We need more directors willing to take risks with films like Get Out.
Since their parents died in a car crash, Rashad and Anton have been living with their Uncle George, or maybe he's been living with them, since it was their parents' house. Rashad is 17, a high school senior, working part time to save money for his kid brother "to make it out of here" -- out of their poor black neighborhood in Atlanta. Anton, known as "Ant," sees a faster route, standing on a corner selling drugs for a local dealer.
But no, "ATL" isn't a drug movie, and it doesn't send its characters on a harrowing journey into danger. It's a film about growing up and working, about falling in love, about planning for your future, and about the importance of friends. For Rashad (Tip Harris), the best day of the week is Sunday, because that's when he and three friends head for the Cascade, a roller rink where they show off with intricately choreographed moves on the floor.

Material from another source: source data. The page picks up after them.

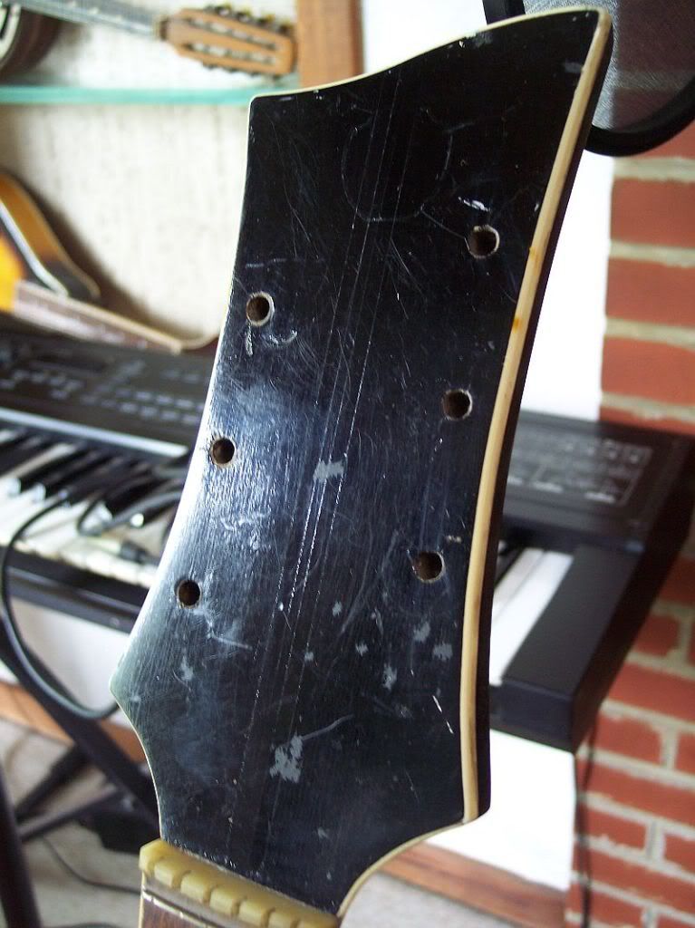 ), j'ai déjà repoli les frettes (+/- ok à part un petit coup sur deux d'entre elles), je vais commander un nouveau bridge et des mécas (celles d'origine sont inutilisables) chez Stewmac (ça coûte une misère). Ah oui: il n'y a pas de trussrod (mais le manche à l'air correct, on verra sous tension).
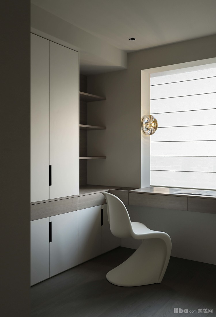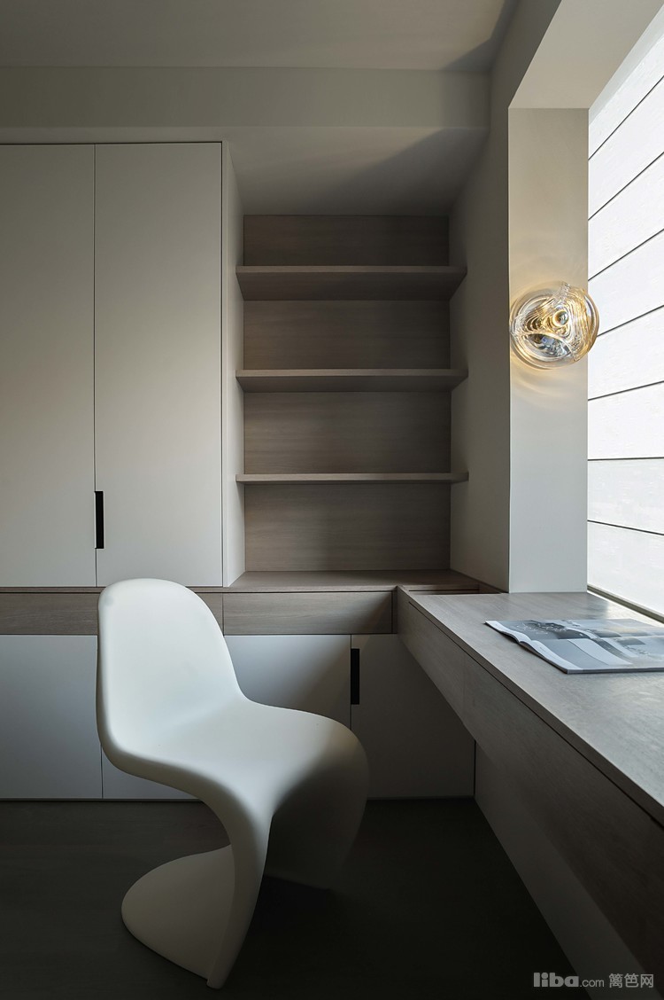 梳妆、办公的空间则全部规划在多功能间内。缺点就是牺牲了一个小卧室但是换来的却是使用的舒适性,也可以把家里的收纳集中到这里,让家里的其他空间少些收纳柜子,让收纳功能集中
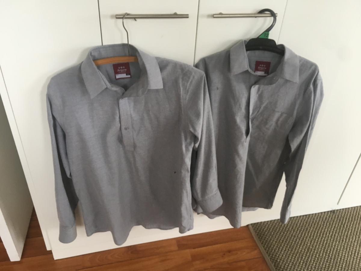 Two long sleeve boys shirts, size 12, one in excellent condition$20 and the other with a small rip on the … View moreI have two size 14 short sleeve boys shirts. Worn for two years. One in excellent condition, $15. The other has a rip underneath along the under arm of the sleeve that has been sewn up $5.
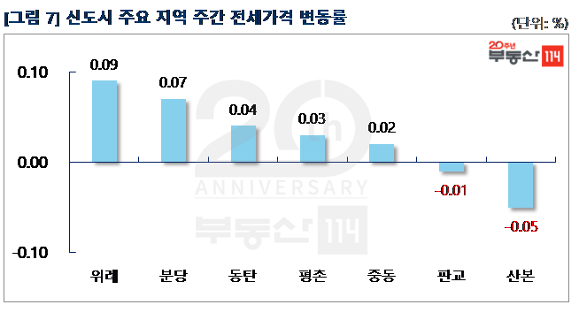 신도시는 △위례(0.09%) △분당(0.07%) △동탄(0.04%) △평촌(0.03%)이 올랐다. 위례는 매물 품귀가 나타난 학암동 위례롯데캐슬이 1,500만원 올랐다. 분당은 전세 수요가 늘면서 정자동 정든우성, 야탑동 장미동부와 장미현대 등이 500만원-1,000만원 상승했다. 동탄은 신동탄SK뷰파크2차, 동탄역더샵센트럴시티 등 신축 아파트 중심으로 500만원-1,000만원 올랐다. 반면 ▼산본(-0.05%), ▼판교(-0.01%)는 전주에 이어 내림세를 이어갔다.
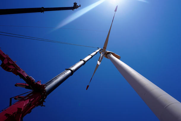 圖為龍源電力對風(fēng)機(jī)部件進(jìn)行拆除回收利用
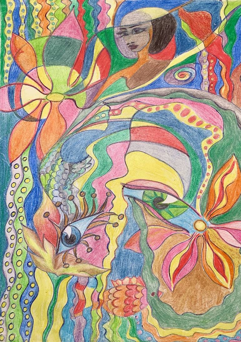 Behold, dear traveler, the story concealed within [A colorful pencil drawing of an abstract female figure surrounded by flowing shapes and patterns, representing the dynamic nature of women's lives in various cultural backgrounds. The background is filled with vibrant colors, creating a lively atmos...
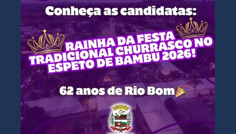Rainha da Festa do Churrasco no Espeto de Bambu 2026 Rio Bom já respira o clima de celebração e tradição com a apresentação oficial das candidatas ao título de Rainha
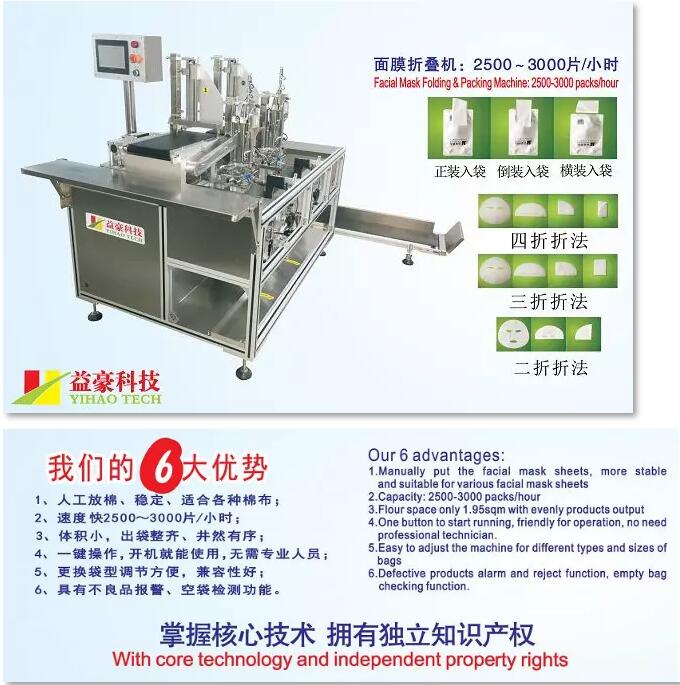 益豪科技的面膜折疊機(jī)通過了歐盟CE認(rèn)證,已取得國(guó)家實(shí)用新型專利。公司產(chǎn)品主要銷往廣州、上海、韓國(guó)、日本等地,品牌已經(jīng)家喻戶曉,且市場(chǎng)占有率達(dá)80%以上,其中,標(biāo)準(zhǔn)的三四折面膜折疊機(jī)為最暢銷的產(chǎn)品,因?yàn)檫@類機(jī)器生產(chǎn)的面膜消費(fèi)者很喜愛,消費(fèi)率高。而面膜折疊機(jī)最高連續(xù)穩(wěn)定折棉速度可達(dá)3200片/小時(shí)以上,為生產(chǎn)廠家解決了折疊面膜布的煩惱,節(jié)省了大量人力資源。
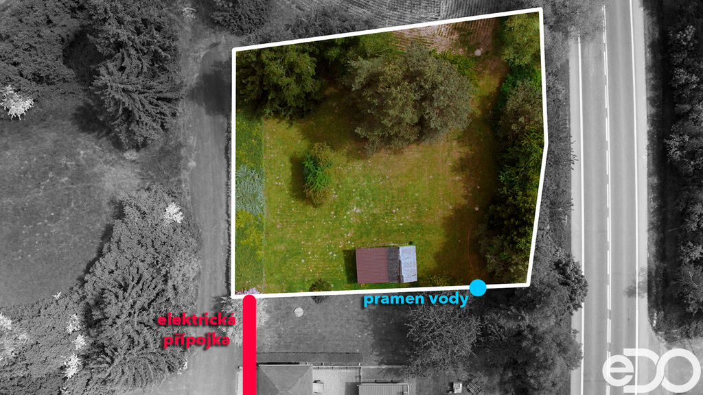Na hranici pozemku se nachází nalezený pramen vody. Elektrická přípojka je přibližně 22 metrů od hranice pozemku. Odpad je nutné řešit individuálně (např. domovní ČOV nebo jímkou), dle požadavků úřadů. Internet je řešen vzduchem.
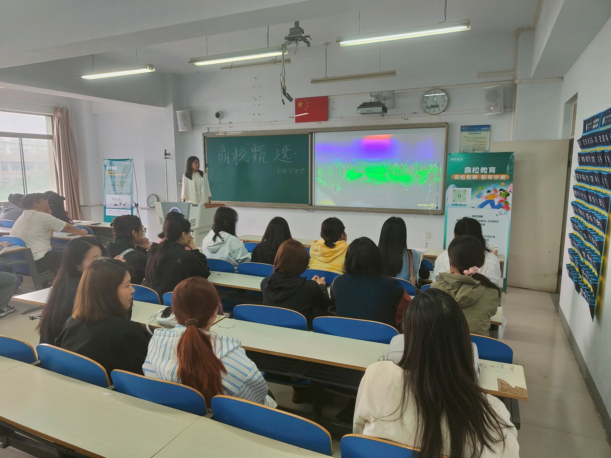 招聘会上,鼎校集团校招负责人廉佳荣详细介绍了鼎校集团目前承载的业务和岗位需求,诚邀英语听说读写能力强、致力于青少年外语能力素质教育的毕业生加盟该公司。交流互动环节,廉老师为我院有就职意向的同学进行了问题解答。目前,有10余名学生准备竞聘该公司英语教练师职位。
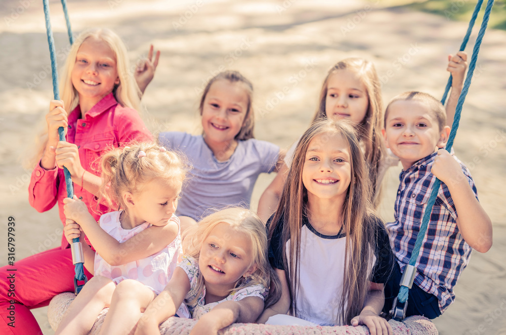 Kids sitting together on the swing
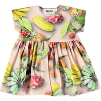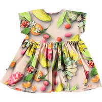 Channi is een babyjurk in een tropische fruitprint. Channi heeft een wijde pasvorm en drukknopen op de schouders.
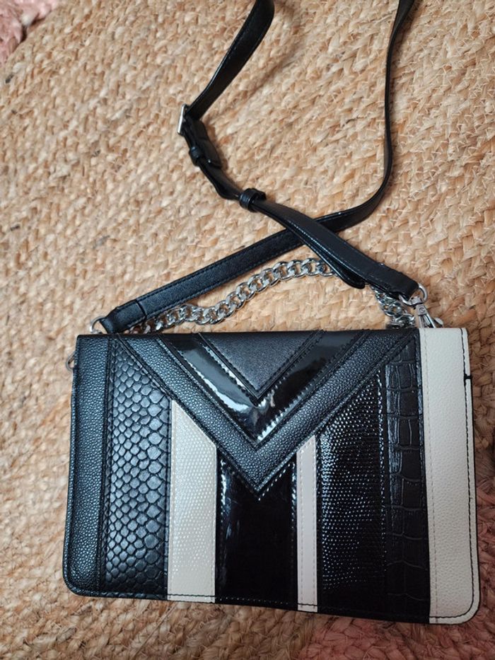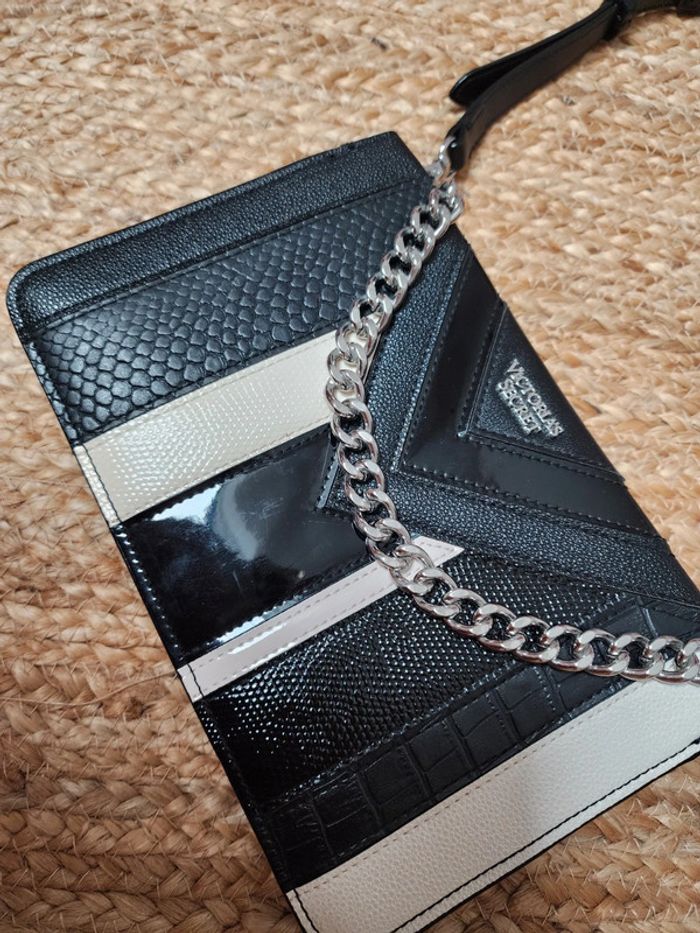 Sac Victoria's Secret bandoulière, couleur noir et blanc, différente effet de matière, reptile par endroit, chaîne argenté sur le devant mais possibilité de la glisser à l'intérieur, 3 pochettes à l'intérieur, 2 se ferme par pression et 1 par fermeture, bandoulière réglable, peu portée très bon état #victoriassecret #sac #vs
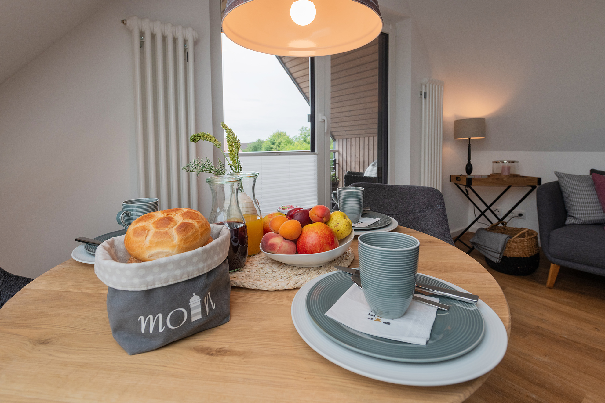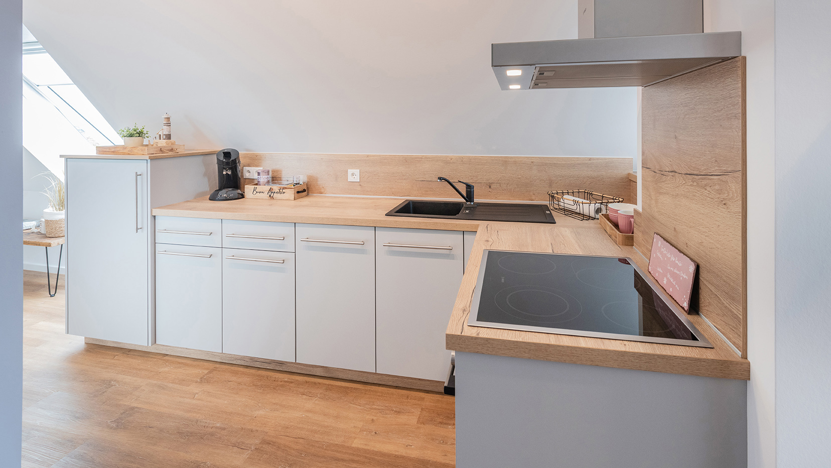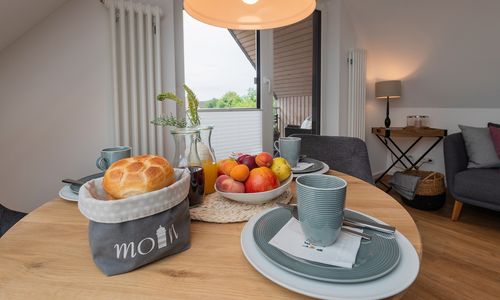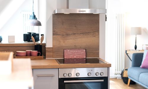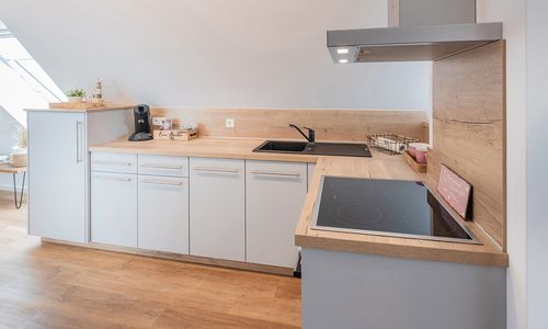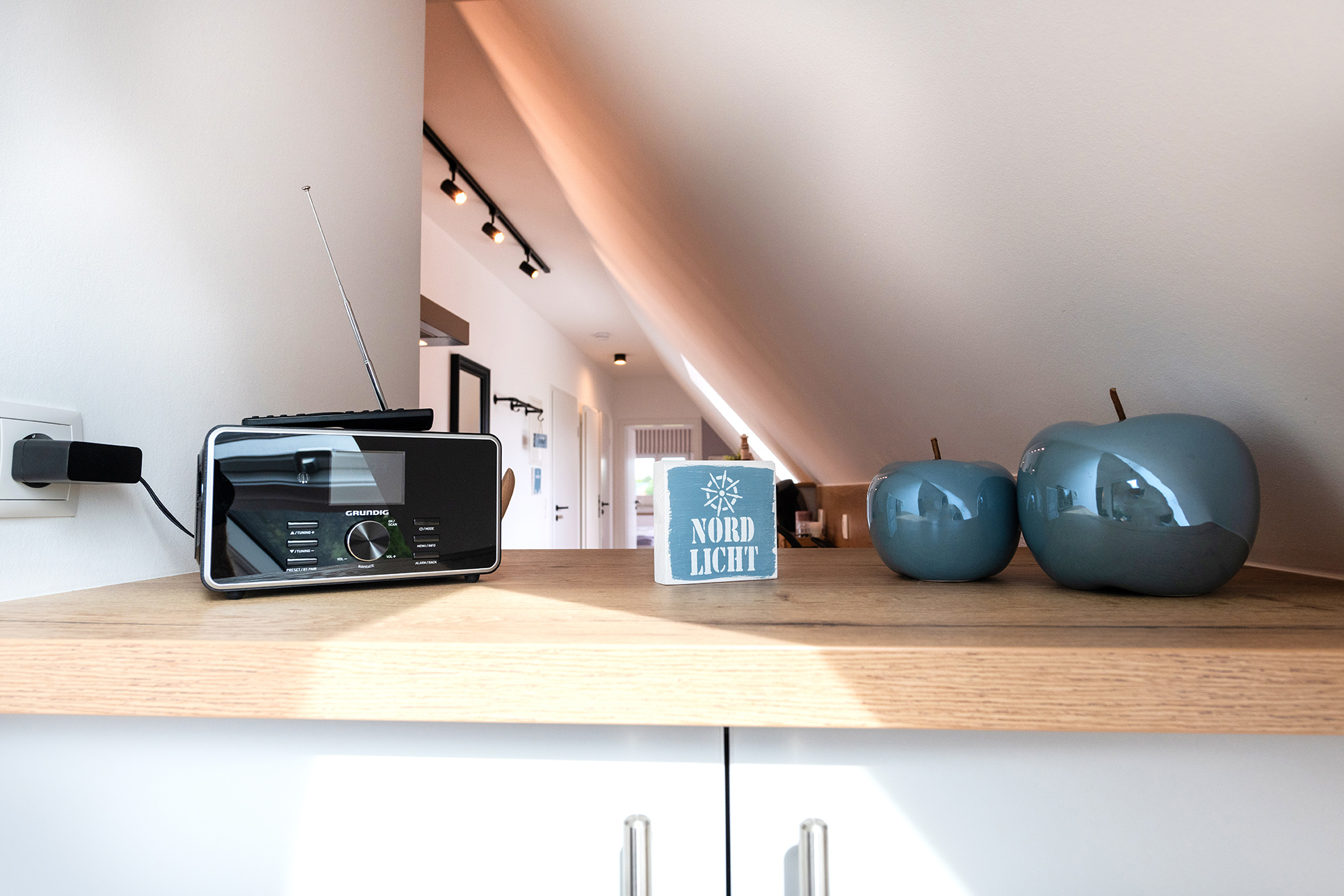 Die neu eröffnete Wohnung "Nordlicht" ist im skandinavisch-maritimen Stil hell, modern und ansprechend eingerichtet. Hier fühlt man sich einfach wohl. Die komplett ausgestattete Küche verfügt neben einem Backofen zusätzlich über eine Spülmaschine.

Rashad's friends are Esquire (Jackie Long), Teddy (Jason Weaver) and Brooklyn (Albert Daniels). They're solid and will last for a lifetime. Esquire, who has top grades, is a waiter at a country club, where he meets the black millionaire John Garnett (Keith David). He needs a letter of recommendation to go with his Ivy League scholarship application. Garnett is happy to give him one, and to invite the smart, polite kid to his mansion on the other side of town. And that's when ...
But let's back up to New-New (Lauren London). Rashad meets her at the Cascade, they like each other, they start spending time together, and it looks like love. But there is something she doesn't tell him -- although she almost does, before he interrupts her. I'm not going to reveal her secret, except to say that it threatens to sink their romance and their trust in each other. And for a while it looks like it may destroy Rashad's friendship with Esquire.